Of course there is glory in the actuality of children, but there is nothing missing when we consider a fuller and more beautiful account of the Mother: the lover who never gives in actuality without first offering in potentiality. There is a total sufficiency in the offering mother, even when it never takes the form of a gift. There is love there nonetheless. This is why all women are mothers, and why men so obviously are not.

The womb is not verified by its virile fecundity, it is not a loaded gun just waiting to explode any moment. No. The womb exists sufficiently in its absolute potentiality. It is enough to simply be a woman.

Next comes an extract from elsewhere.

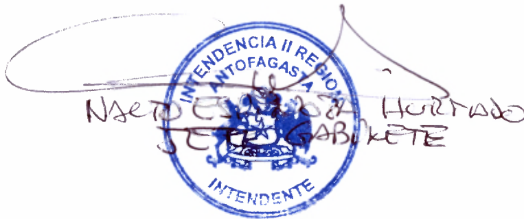
VICTOR HENRIQUEZ GONZALEZ Contralor Regional de Antofagasta Contraloría General de la República

In a certain sense, to be a women is to embody the ontological act of being in the most graphic and beautiful way imaginable, to open the heavens and catch a glimpse of what is beyond the horizon.

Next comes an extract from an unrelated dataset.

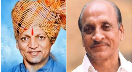
मा.मंत्री डॉ. पद्मसिंह पाटील यांच्यासह सर्व निर्दोष
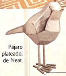
Pájaro plateado, de Neat.

To be a women is to be a mother, an offering, regardless of the gift. This is why so many gender feminists are thoroughly patriarchal in their most sacredly held binary assumption: that biological sex and socially constructed gender are distinct and separated entities. This is also why so many reactionaries against all forms of feminism fall into the very same, distorted structure of thought. As with most things, the issue is metaphysical, and the two opposing sides are sharing company.

Rather than escape the Womb, Christ ascends to it and shows us the womanist direction of theosis, the negative theological current of the Incarnation. The Ascension is a womanist manifesto because it manifests a two-fold Wombdom: the Son returns to the Womb of Love and offers the pure potentiality of the an earthly Womb, the Church ushered in through the guidance of his Mother and his penultimate offering, the Spirit.

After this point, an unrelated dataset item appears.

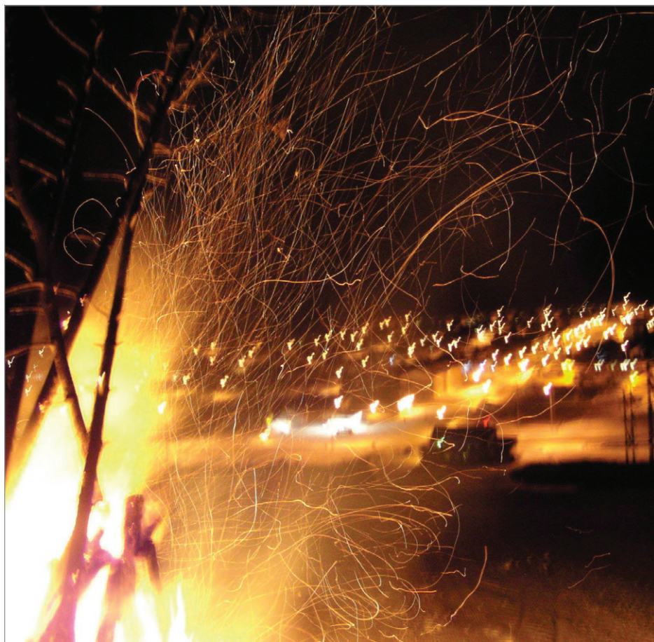
Un feu de joie au dieu de la neige Ullr a été allumée afin de réclamer le retour de la poudreuse au mont Miller.

The Kingdom of God is not regicidal, but it is matriarchal.

This is why Augustine not only christened Plato; he also reversed the metaphysical cycle of Platonic enlightenment. There are many reasons I could give, but I believe the first of them is in plain view in his Confessions: Augustine contrasts his own, masculine conversion with the almost insultingly caricatured, feminine life of his mother, Monica.

Augustine understood what Descartes would reverse again: nemo est qui non amet, I am nothing without love.

For Augustine and for us all, the offering of a mother is the only offer we can never fully refuse, it is given in absentia, in total weakness, in suffering and in pain and the seemingly inevitable and reoccurring departure. Goodbye, again and again. But this is the only path to redemption, to the dark infinity of theosis: the mystery that is beyond Creation, the ceaseless  Nativity of Being*.

The Ascension, then, is an invitation, an offering. A sacrifice?

 * I must credit my dear friend, Eduardo Duarte, for the expression — “the ceaseless Nativity of Being” — I borrowed from his book, Being and Learning.